Exercise data:
◆ ◆ ◆ ◆

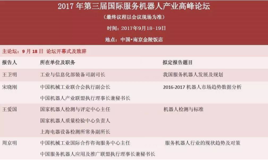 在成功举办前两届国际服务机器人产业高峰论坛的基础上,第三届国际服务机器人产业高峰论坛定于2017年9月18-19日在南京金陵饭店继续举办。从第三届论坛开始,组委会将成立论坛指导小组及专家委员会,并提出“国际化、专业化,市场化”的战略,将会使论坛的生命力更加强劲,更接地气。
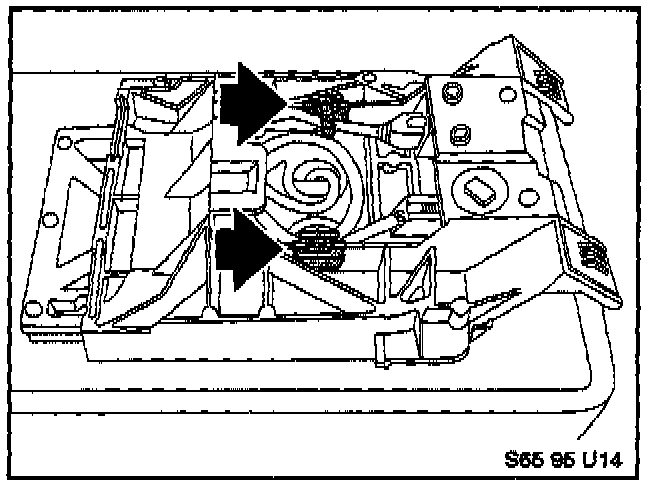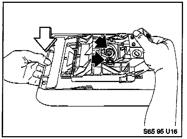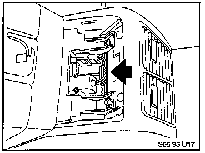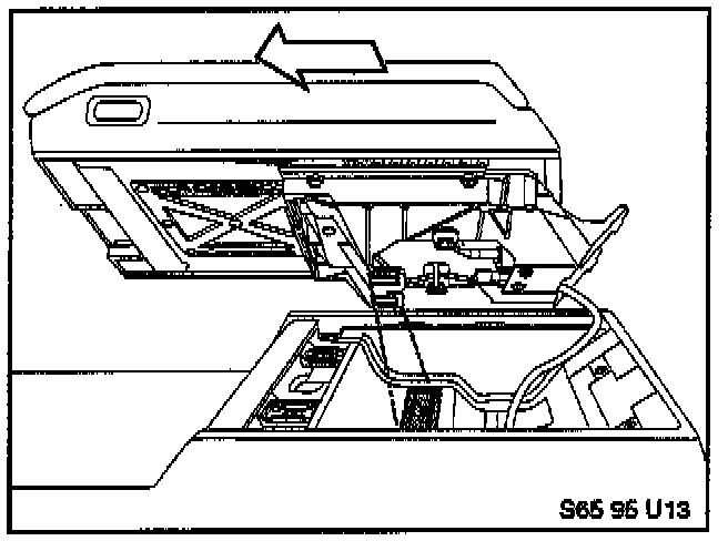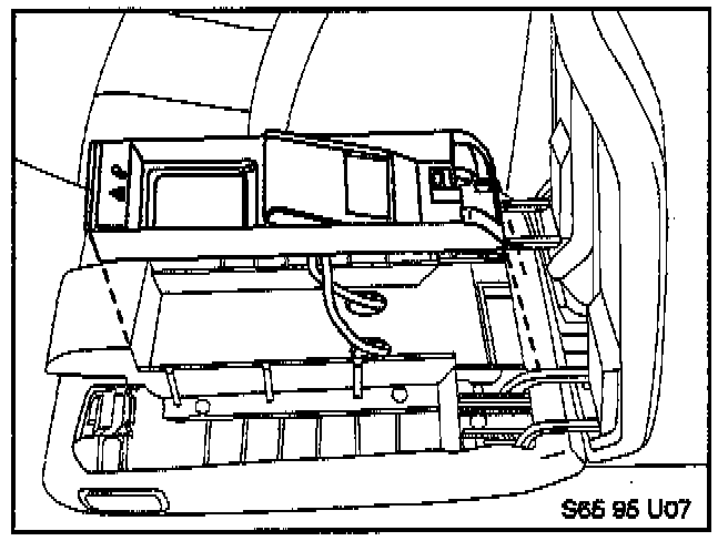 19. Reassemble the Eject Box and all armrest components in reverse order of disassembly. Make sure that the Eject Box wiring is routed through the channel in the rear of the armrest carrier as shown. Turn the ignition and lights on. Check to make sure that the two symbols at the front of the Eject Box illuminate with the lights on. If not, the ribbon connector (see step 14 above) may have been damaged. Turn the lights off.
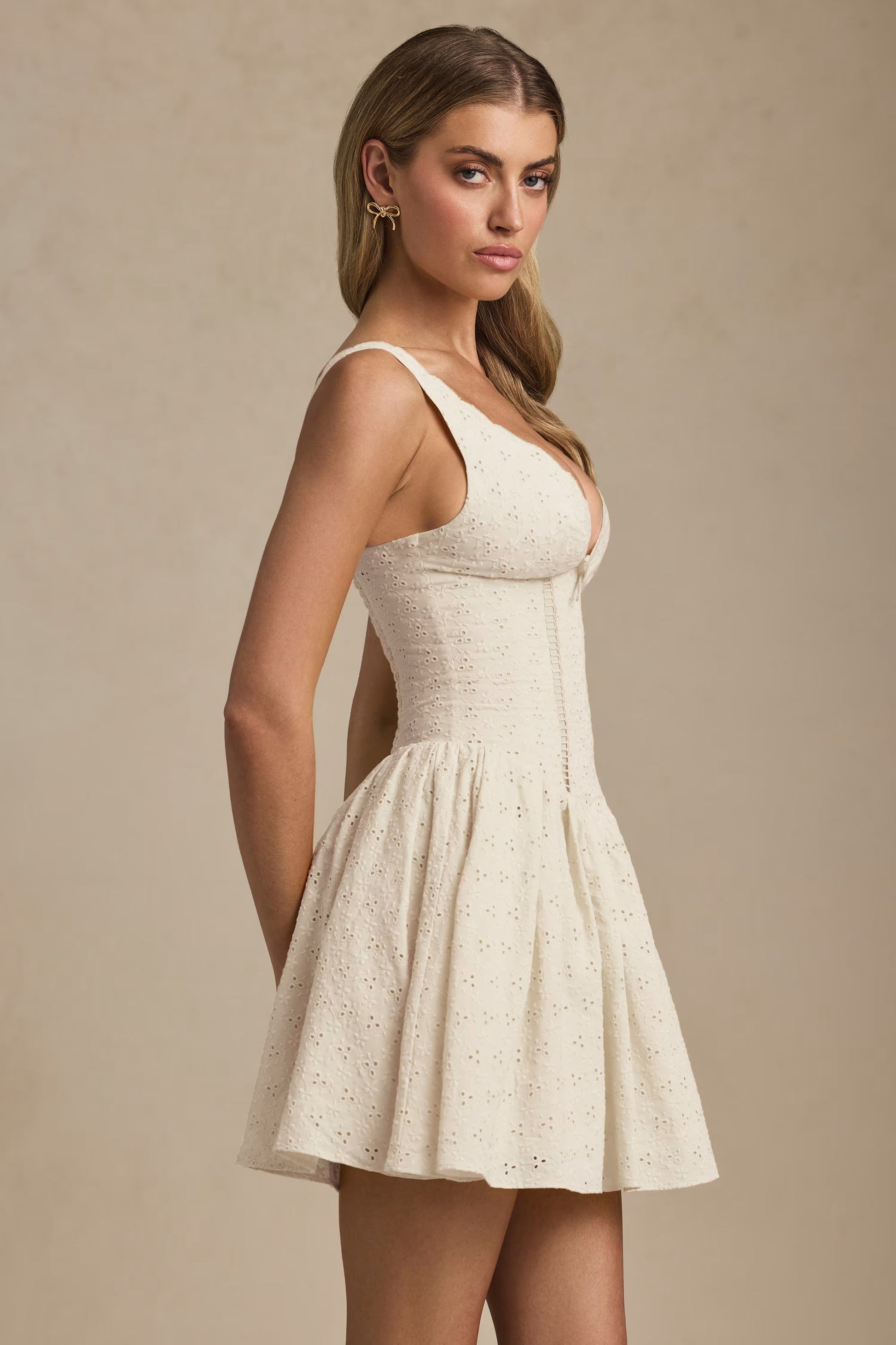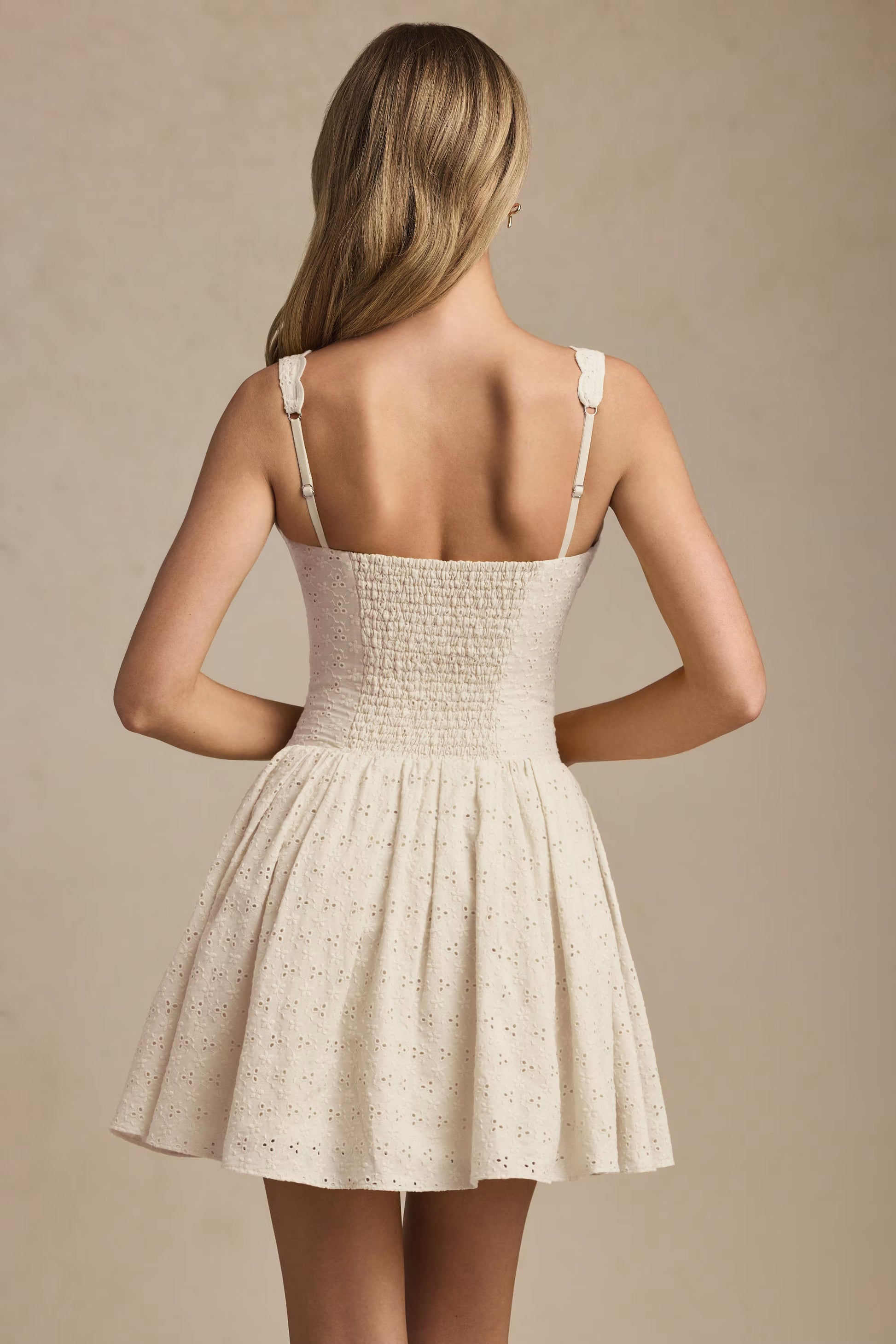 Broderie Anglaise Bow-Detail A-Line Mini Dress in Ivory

◆ ◆ ◆ ◆

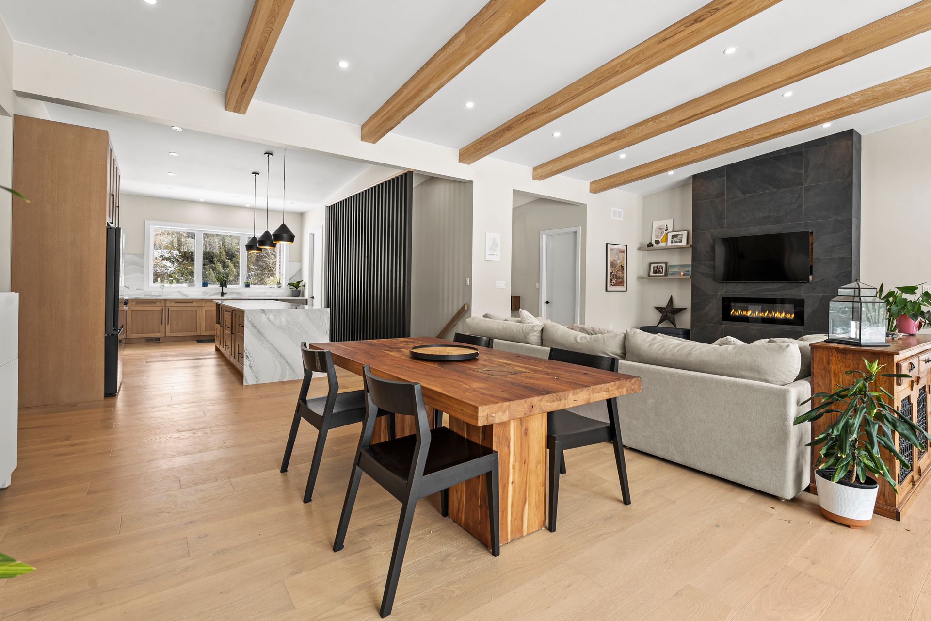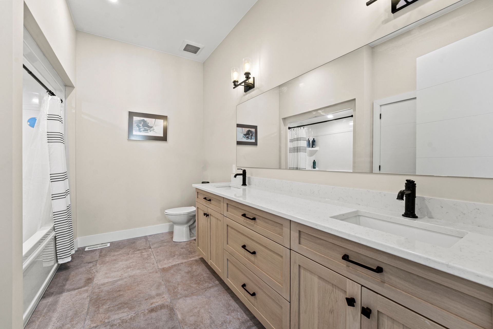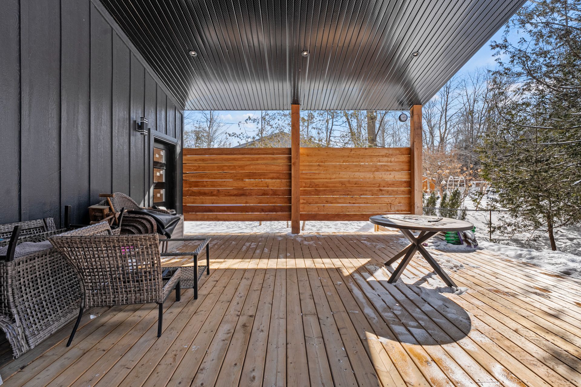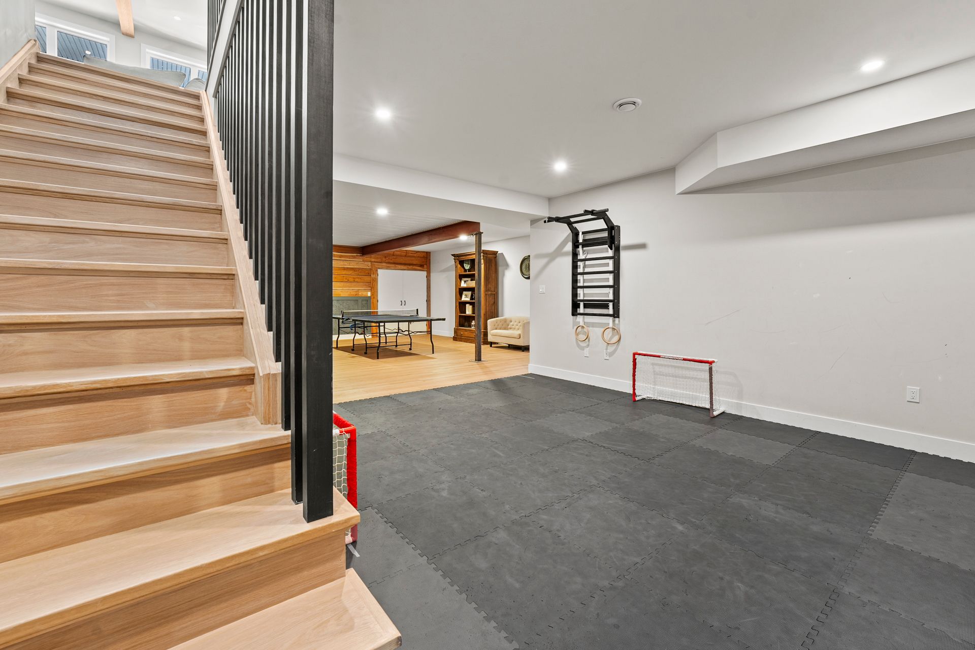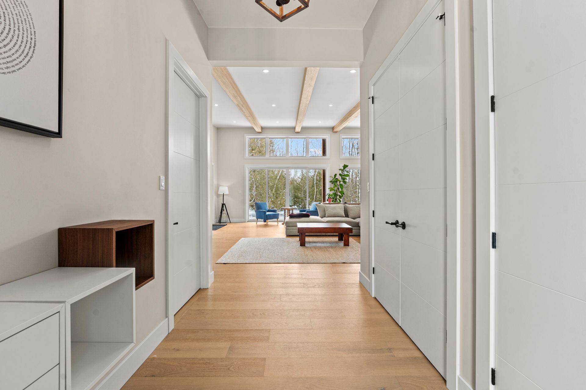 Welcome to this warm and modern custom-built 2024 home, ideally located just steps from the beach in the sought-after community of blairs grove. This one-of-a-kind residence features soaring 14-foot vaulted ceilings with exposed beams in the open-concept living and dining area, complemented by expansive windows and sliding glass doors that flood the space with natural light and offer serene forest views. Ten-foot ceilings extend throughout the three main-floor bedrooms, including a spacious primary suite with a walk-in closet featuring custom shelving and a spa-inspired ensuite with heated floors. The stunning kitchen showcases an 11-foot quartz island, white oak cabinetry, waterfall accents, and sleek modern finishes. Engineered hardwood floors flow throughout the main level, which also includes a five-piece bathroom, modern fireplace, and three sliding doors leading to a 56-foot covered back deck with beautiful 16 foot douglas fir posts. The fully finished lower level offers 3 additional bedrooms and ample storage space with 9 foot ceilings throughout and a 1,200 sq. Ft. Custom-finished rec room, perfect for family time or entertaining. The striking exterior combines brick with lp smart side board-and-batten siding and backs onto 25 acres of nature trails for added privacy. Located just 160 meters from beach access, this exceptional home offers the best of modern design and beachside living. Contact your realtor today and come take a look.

◆ ◆ ◆ ◆

Exercise aim:
Above are records with pictures. Reproduce exactly only the lines from the line with "在成功举办前两届国际服务机器" through the line with "Broderie Anglaise Bow-Detail", both ends included, and leave the pictures out.

Result for this task:
 在成功举办前两届国际服务机器人产业高峰论坛的基础上,第三届国际服务机器人产业高峰论坛定于2017年9月18-19日在南京金陵饭店继续举办。从第三届论坛开始,组委会将成立论坛指导小组及专家委员会,并提出“国际化、专业化,市场化”的战略,将会使论坛的生命力更加强劲,更接地气。
 19. Reassemble the Eject Box and all armrest components in reverse order of disassembly. Make sure that the Eject Box wiring is routed through the channel in the rear of the armrest carrier as shown. Turn the ignition and lights on. Check to make sure that the two symbols at the front of the Eject Box illuminate with the lights on. If not, the ribbon connector (see step 14 above) may have been damaged. Turn the lights off.
 Broderie Anglaise Bow-Detail A-Line Mini Dress in Ivory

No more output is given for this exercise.